Exercise directions: Set down the data below exactly; pictures stay out.

Supplied information:
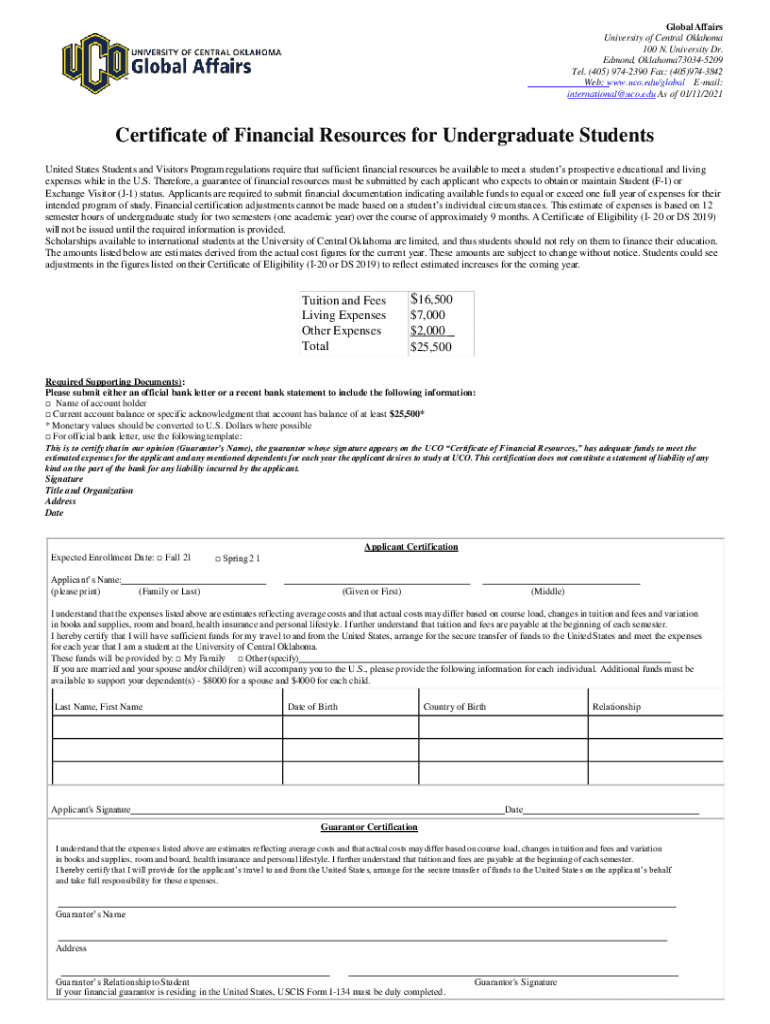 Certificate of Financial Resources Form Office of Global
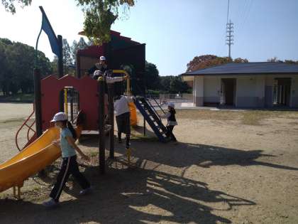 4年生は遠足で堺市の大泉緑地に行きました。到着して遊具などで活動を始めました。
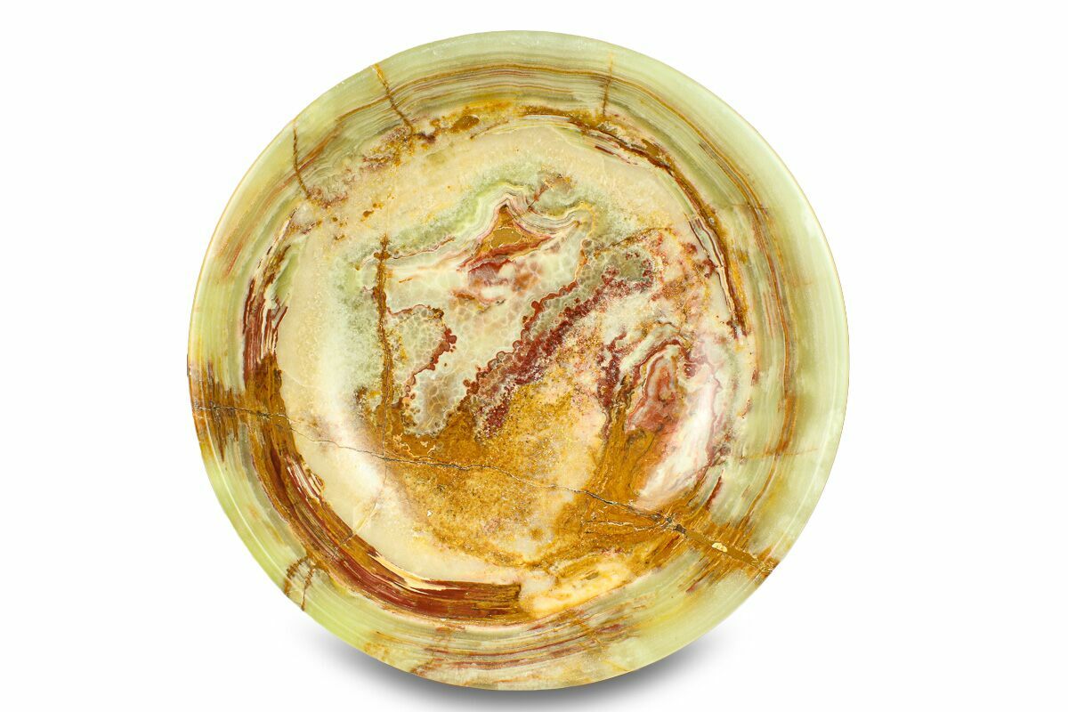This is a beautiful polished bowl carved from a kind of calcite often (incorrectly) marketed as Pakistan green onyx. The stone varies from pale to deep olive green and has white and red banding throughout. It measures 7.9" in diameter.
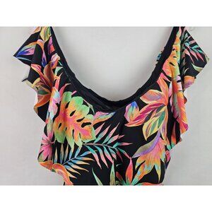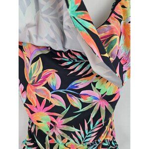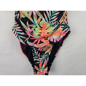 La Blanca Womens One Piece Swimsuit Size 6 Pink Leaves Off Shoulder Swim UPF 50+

Task response:
 Certificate of Financial Resources Form Office of Global
 4年生は遠足で堺市の大泉緑地に行きました。到着して遊具などで活動を始めました。
This is a beautiful polished bowl carved from a kind of calcite often (incorrectly) marketed as Pakistan green onyx. The stone varies from pale to deep olive green and has white and red banding throughout. It measures 7.9" in diameter.
 La Blanca Womens One Piece Swimsuit Size 6 Pink Leaves Off Shoulder Swim UPF 50+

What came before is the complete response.